Source data:
........
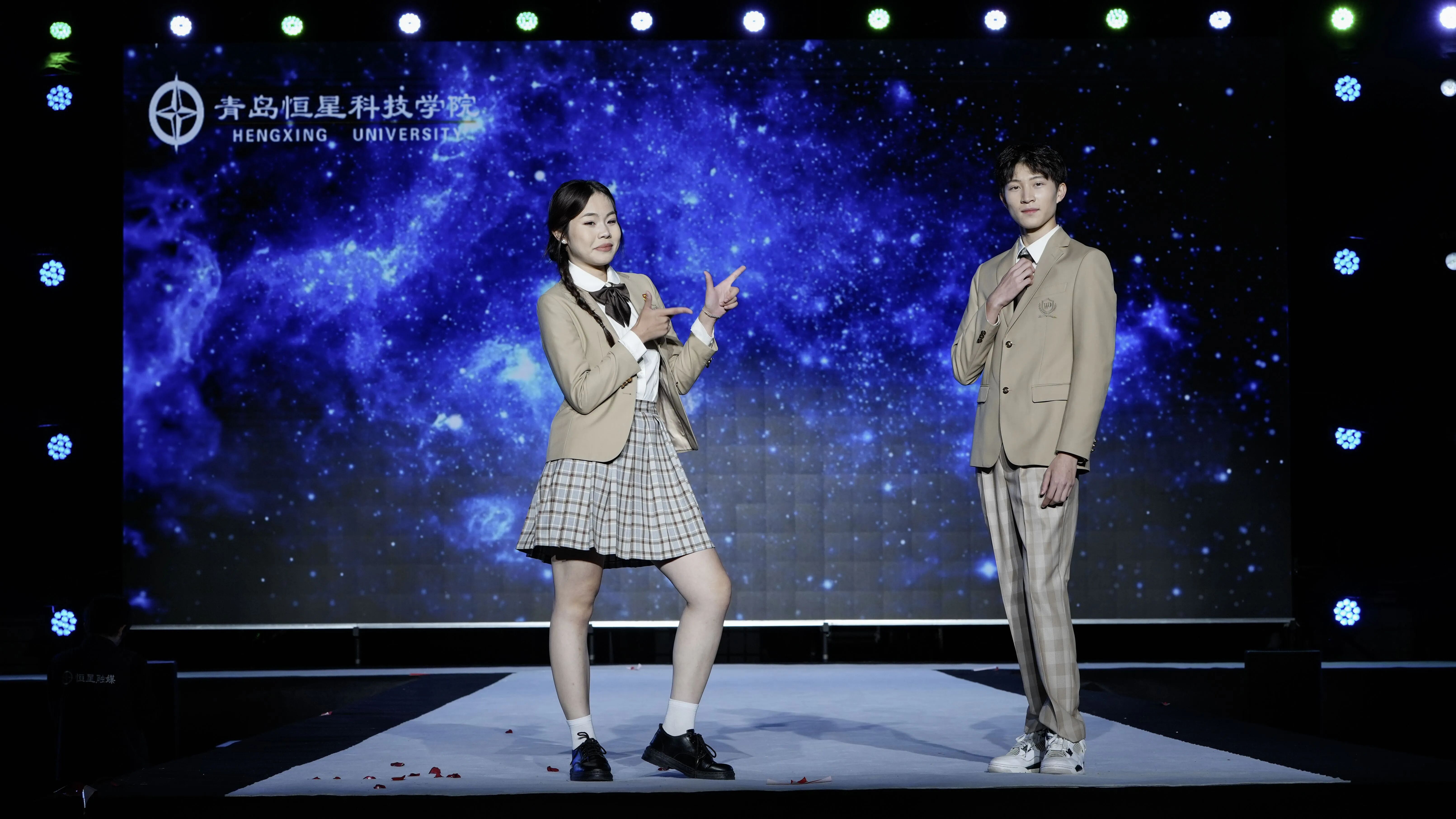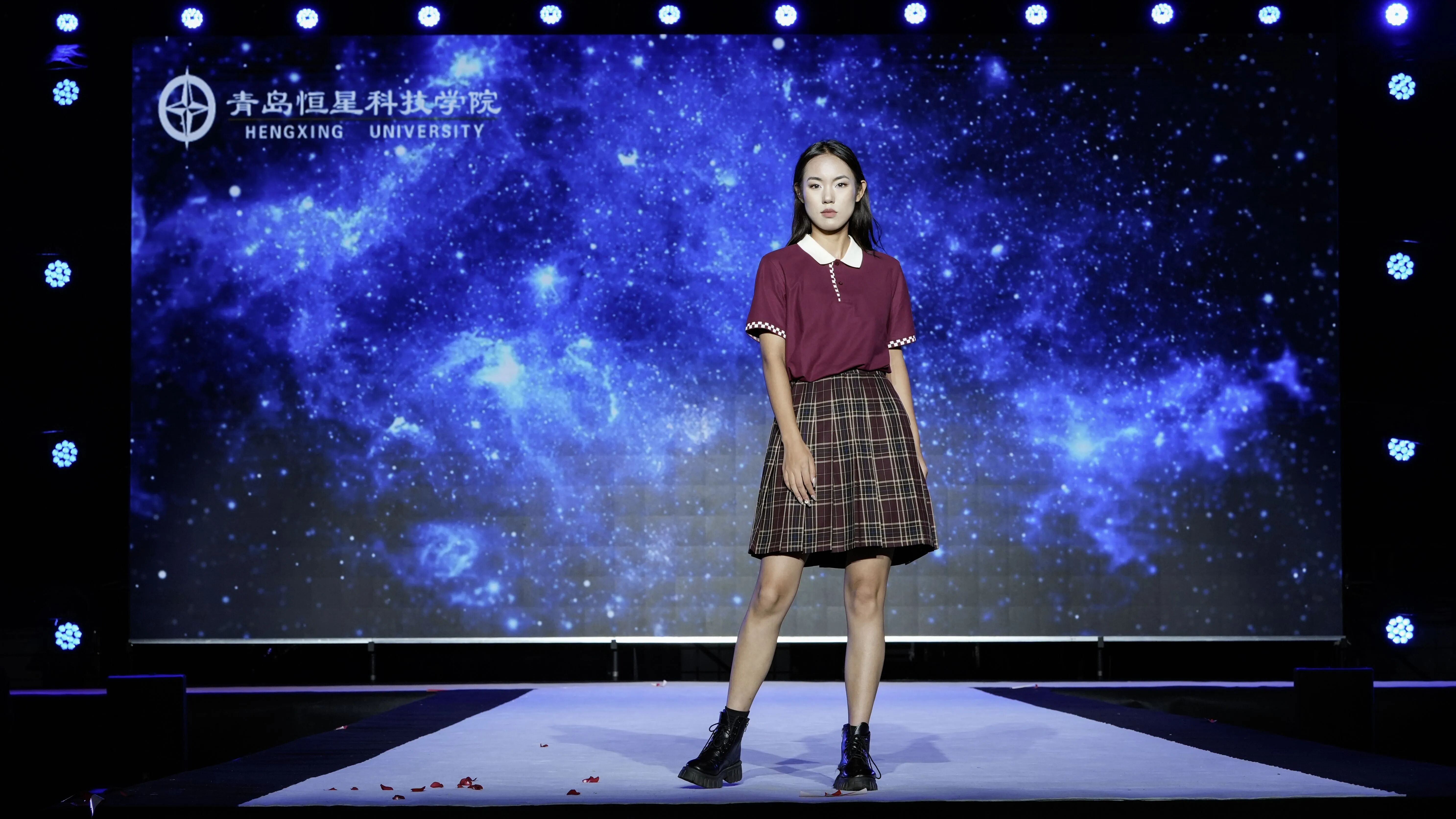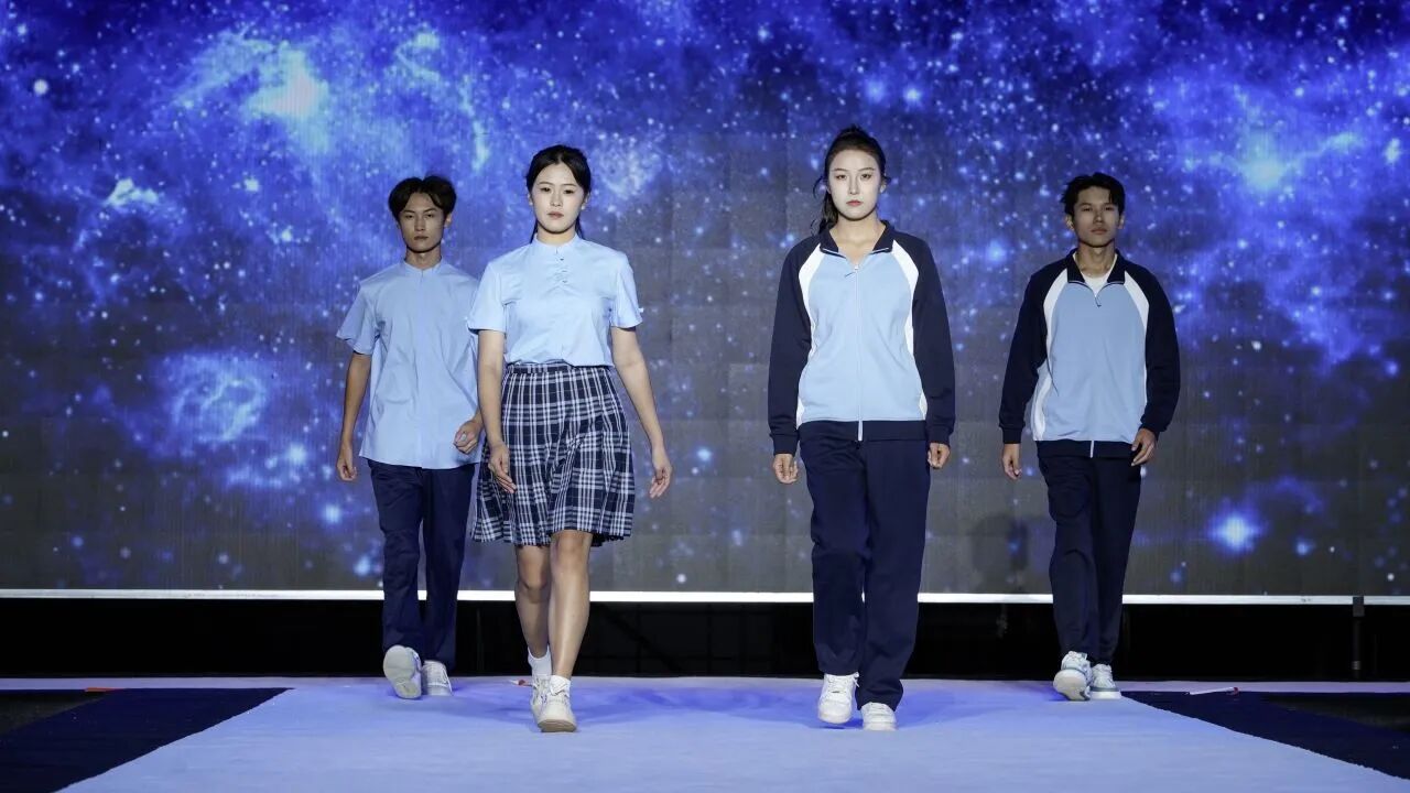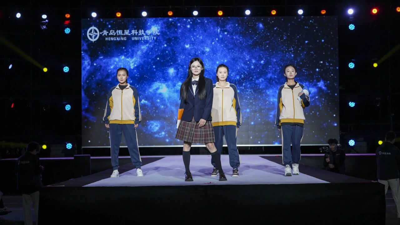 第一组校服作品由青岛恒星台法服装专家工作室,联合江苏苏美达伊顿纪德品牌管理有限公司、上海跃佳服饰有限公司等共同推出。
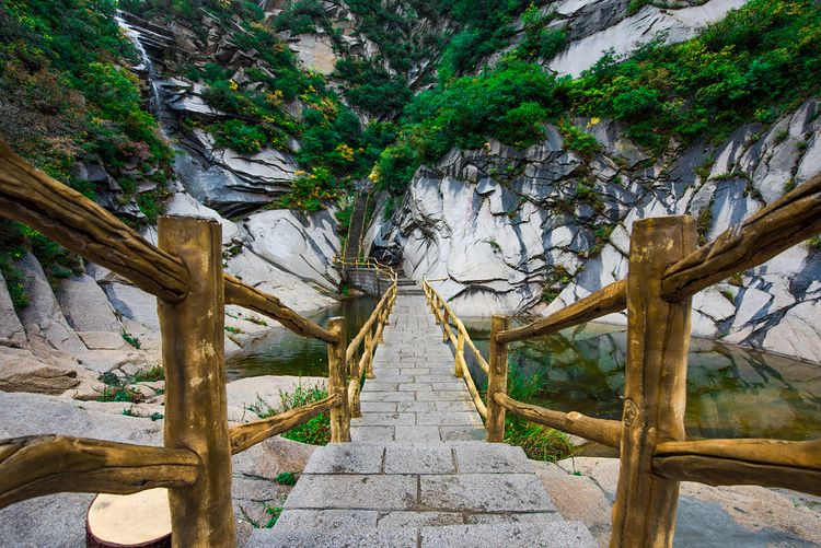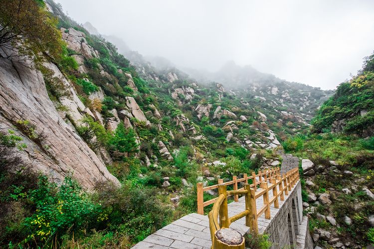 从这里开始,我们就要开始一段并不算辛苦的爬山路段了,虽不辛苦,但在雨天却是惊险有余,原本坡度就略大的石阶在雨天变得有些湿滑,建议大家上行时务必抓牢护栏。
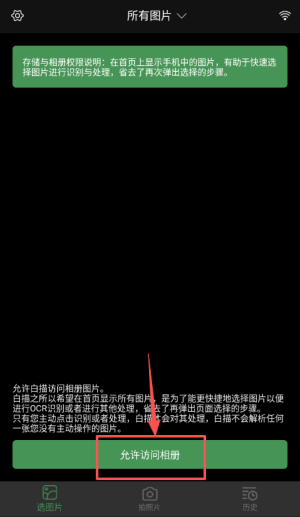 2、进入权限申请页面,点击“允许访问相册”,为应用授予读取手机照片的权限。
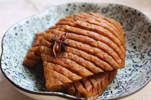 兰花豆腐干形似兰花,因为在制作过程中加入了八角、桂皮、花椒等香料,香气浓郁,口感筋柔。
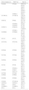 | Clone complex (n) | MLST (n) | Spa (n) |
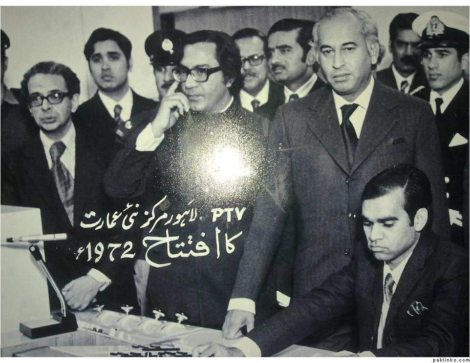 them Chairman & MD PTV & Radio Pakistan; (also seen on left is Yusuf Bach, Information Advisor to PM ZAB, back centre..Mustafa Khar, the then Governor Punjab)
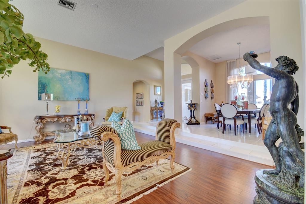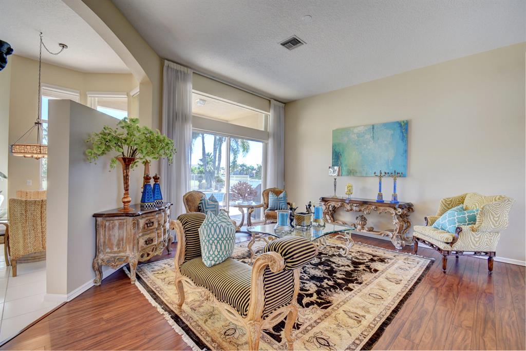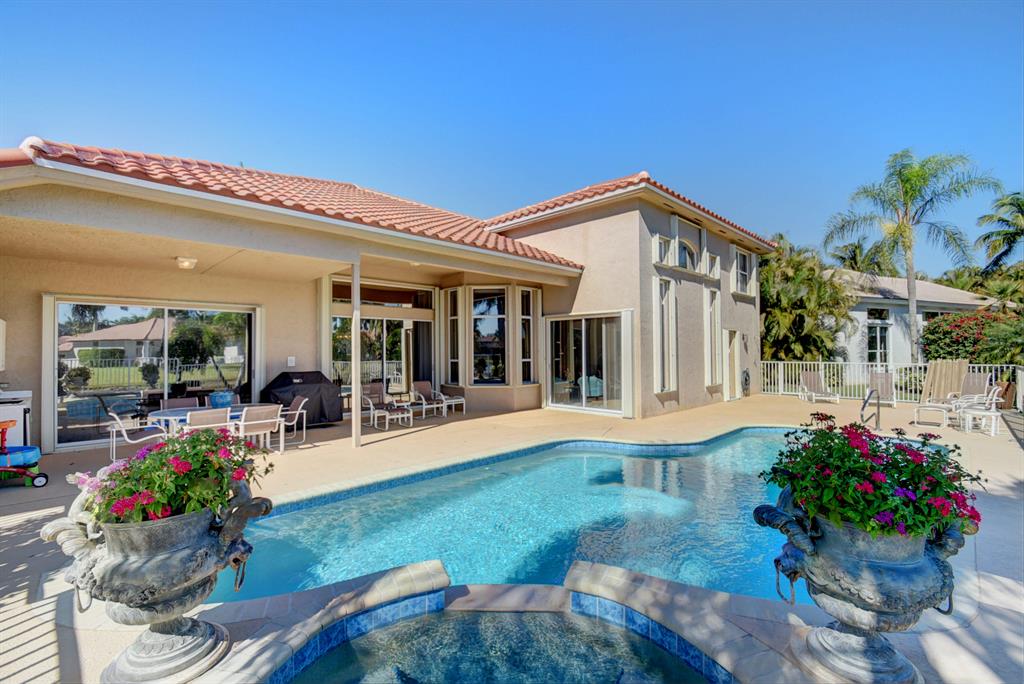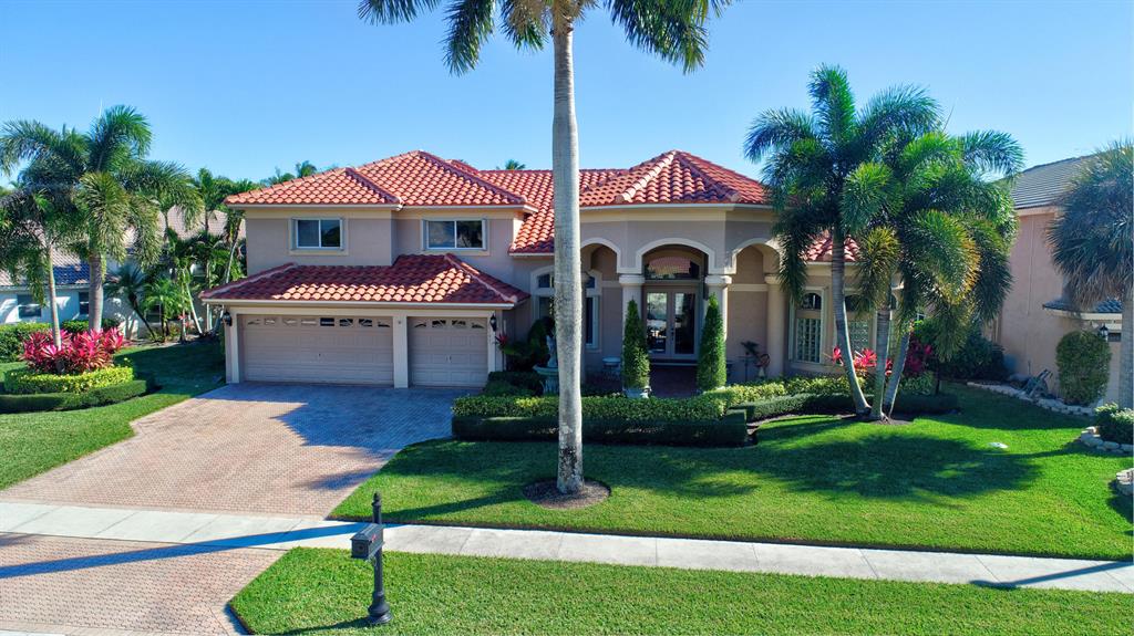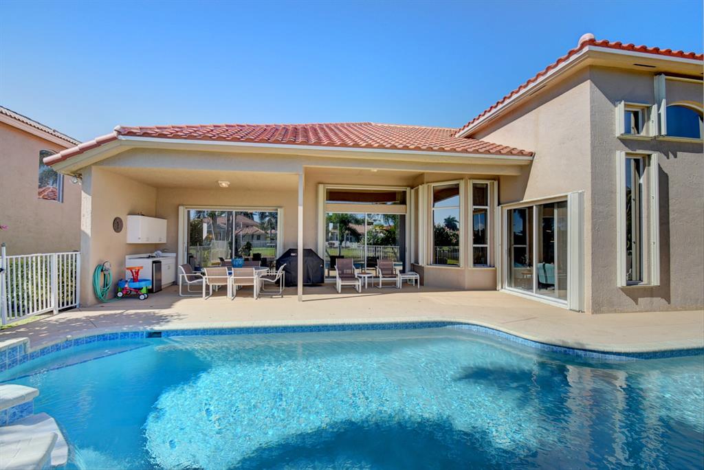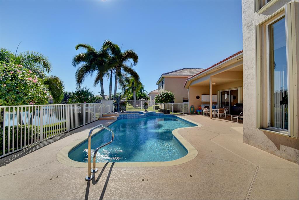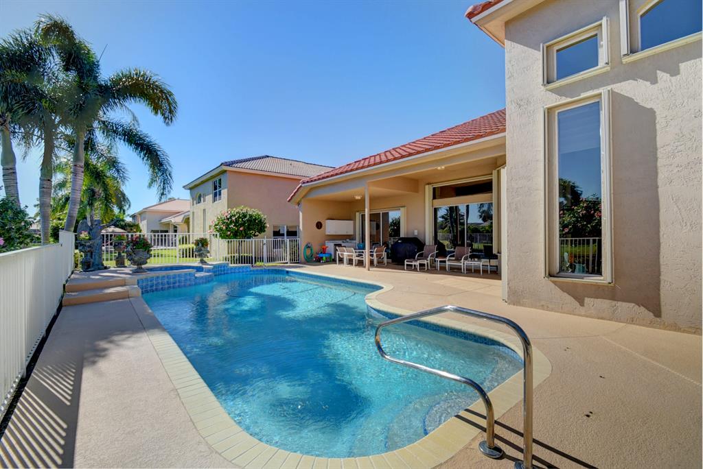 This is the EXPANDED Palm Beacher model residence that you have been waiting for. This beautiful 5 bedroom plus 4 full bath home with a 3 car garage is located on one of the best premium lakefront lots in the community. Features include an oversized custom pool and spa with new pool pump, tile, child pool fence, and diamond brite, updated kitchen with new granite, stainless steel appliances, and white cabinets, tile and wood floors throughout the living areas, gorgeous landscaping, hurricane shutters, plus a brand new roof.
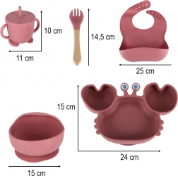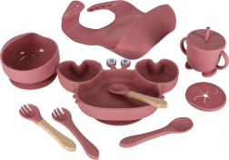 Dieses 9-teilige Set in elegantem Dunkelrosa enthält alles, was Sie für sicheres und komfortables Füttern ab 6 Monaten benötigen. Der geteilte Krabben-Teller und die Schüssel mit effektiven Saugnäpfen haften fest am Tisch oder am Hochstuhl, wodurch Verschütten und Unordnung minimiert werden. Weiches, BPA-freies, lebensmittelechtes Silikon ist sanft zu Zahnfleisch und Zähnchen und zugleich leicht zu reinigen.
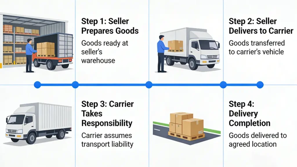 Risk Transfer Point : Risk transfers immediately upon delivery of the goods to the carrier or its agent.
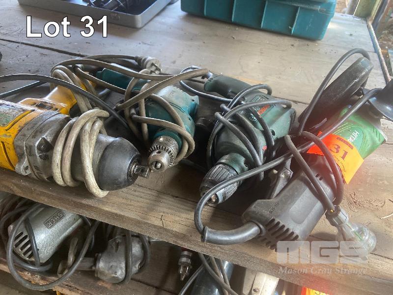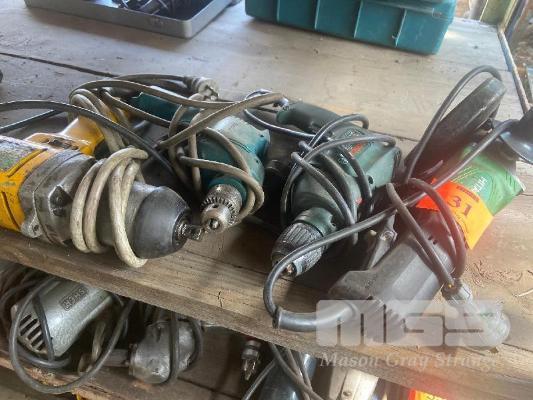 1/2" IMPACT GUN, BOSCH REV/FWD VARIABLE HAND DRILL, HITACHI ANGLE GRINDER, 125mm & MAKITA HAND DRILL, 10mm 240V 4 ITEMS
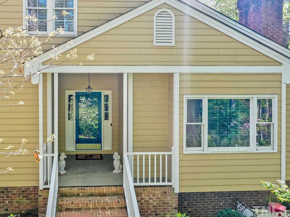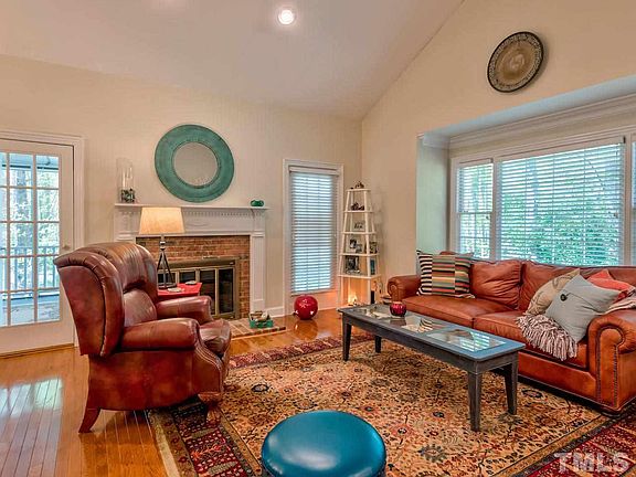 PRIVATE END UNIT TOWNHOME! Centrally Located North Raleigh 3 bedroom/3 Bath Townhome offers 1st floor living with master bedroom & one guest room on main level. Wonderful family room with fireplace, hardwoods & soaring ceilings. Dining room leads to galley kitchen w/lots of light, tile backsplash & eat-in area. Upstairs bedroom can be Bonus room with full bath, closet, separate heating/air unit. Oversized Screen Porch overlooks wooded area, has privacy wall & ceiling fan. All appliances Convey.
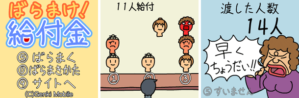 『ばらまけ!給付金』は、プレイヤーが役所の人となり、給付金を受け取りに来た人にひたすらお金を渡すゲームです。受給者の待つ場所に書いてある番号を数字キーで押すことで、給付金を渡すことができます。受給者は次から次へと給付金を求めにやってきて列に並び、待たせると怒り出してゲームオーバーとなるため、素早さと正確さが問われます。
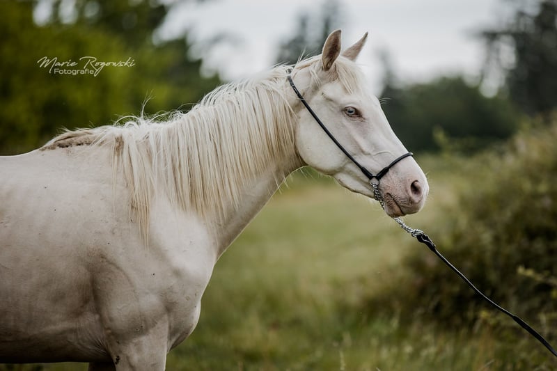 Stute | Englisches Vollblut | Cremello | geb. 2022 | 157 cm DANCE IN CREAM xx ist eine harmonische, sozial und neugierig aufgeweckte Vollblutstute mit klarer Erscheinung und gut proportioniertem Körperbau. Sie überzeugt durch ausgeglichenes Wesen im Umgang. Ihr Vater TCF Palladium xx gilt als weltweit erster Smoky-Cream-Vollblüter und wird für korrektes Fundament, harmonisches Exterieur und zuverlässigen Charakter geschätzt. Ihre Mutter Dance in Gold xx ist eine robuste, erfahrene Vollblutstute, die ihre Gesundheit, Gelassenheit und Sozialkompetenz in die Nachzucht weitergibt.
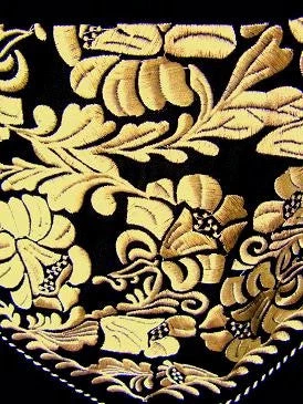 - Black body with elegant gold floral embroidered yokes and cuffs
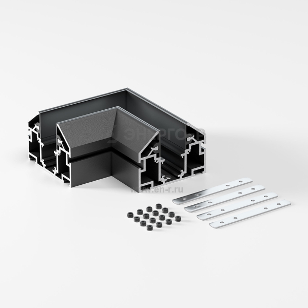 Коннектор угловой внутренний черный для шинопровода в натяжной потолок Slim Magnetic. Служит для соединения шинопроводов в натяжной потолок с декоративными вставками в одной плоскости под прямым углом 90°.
........
PROBLEM STATEMENT: Return a verbatim transcription of the data, omitting all images.

SOLUTION:
 第一组校服作品由青岛恒星台法服装专家工作室,联合江苏苏美达伊顿纪德品牌管理有限公司、上海跃佳服饰有限公司等共同推出。
 从这里开始,我们就要开始一段并不算辛苦的爬山路段了,虽不辛苦,但在雨天却是惊险有余,原本坡度就略大的石阶在雨天变得有些湿滑,建议大家上行时务必抓牢护栏。
 2、进入权限申请页面,点击“允许访问相册”,为应用授予读取手机照片的权限。
 兰花豆腐干形似兰花,因为在制作过程中加入了八角、桂皮、花椒等香料,香气浓郁,口感筋柔。
 | Clone complex (n) | MLST (n) | Spa (n) |
 them Chairman & MD PTV & Radio Pakistan; (also seen on left is Yusuf Bach, Information Advisor to PM ZAB, back centre..Mustafa Khar, the then Governor Punjab)
 This is the EXPANDED Palm Beacher model residence that you have been waiting for. This beautiful 5 bedroom plus 4 full bath home with a 3 car garage is located on one of the best premium lakefront lots in the community. Features include an oversized custom pool and spa with new pool pump, tile, child pool fence, and diamond brite, updated kitchen with new granite, stainless steel appliances, and white cabinets, tile and wood floors throughout the living areas, gorgeous landscaping, hurricane shutters, plus a brand new roof.
 Dieses 9-teilige Set in elegantem Dunkelrosa enthält alles, was Sie für sicheres und komfortables Füttern ab 6 Monaten benötigen. Der geteilte Krabben-Teller und die Schüssel mit effektiven Saugnäpfen haften fest am Tisch oder am Hochstuhl, wodurch Verschütten und Unordnung minimiert werden. Weiches, BPA-freies, lebensmittelechtes Silikon ist sanft zu Zahnfleisch und Zähnchen und zugleich leicht zu reinigen.
 Risk Transfer Point : Risk transfers immediately upon delivery of the goods to the carrier or its agent.
 1/2" IMPACT GUN, BOSCH REV/FWD VARIABLE HAND DRILL, HITACHI ANGLE GRINDER, 125mm & MAKITA HAND DRILL, 10mm 240V 4 ITEMS
 PRIVATE END UNIT TOWNHOME! Centrally Located North Raleigh 3 bedroom/3 Bath Townhome offers 1st floor living with master bedroom & one guest room on main level. Wonderful family room with fireplace, hardwoods & soaring ceilings. Dining room leads to galley kitchen w/lots of light, tile backsplash & eat-in area. Upstairs bedroom can be Bonus room with full bath, closet, separate heating/air unit. Oversized Screen Porch overlooks wooded area, has privacy wall & ceiling fan. All appliances Convey.
 『ばらまけ!給付金』は、プレイヤーが役所の人となり、給付金を受け取りに来た人にひたすらお金を渡すゲームです。受給者の待つ場所に書いてある番号を数字キーで押すことで、給付金を渡すことができます。受給者は次から次へと給付金を求めにやってきて列に並び、待たせると怒り出してゲームオーバーとなるため、素早さと正確さが問われます。
 Stute | Englisches Vollblut | Cremello | geb. 2022 | 157 cm DANCE IN CREAM xx ist eine harmonische, sozial und neugierig aufgeweckte Vollblutstute mit klarer Erscheinung und gut proportioniertem Körperbau. Sie überzeugt durch ausgeglichenes Wesen im Umgang. Ihr Vater TCF Palladium xx gilt als weltweit erster Smoky-Cream-Vollblüter und wird für korrektes Fundament, harmonisches Exterieur und zuverlässigen Charakter geschätzt. Ihre Mutter Dance in Gold xx ist eine robuste, erfahrene Vollblutstute, die ihre Gesundheit, Gelassenheit und Sozialkompetenz in die Nachzucht weitergibt.
 - Black body with elegant gold floral embroidered yokes and cuffs
 Коннектор угловой внутренний черный для шинопровода в натяжной потолок Slim Magnetic. Служит для соединения шинопроводов в натяжной потолок с декоративными вставками в одной плоскости под прямым углом 90°.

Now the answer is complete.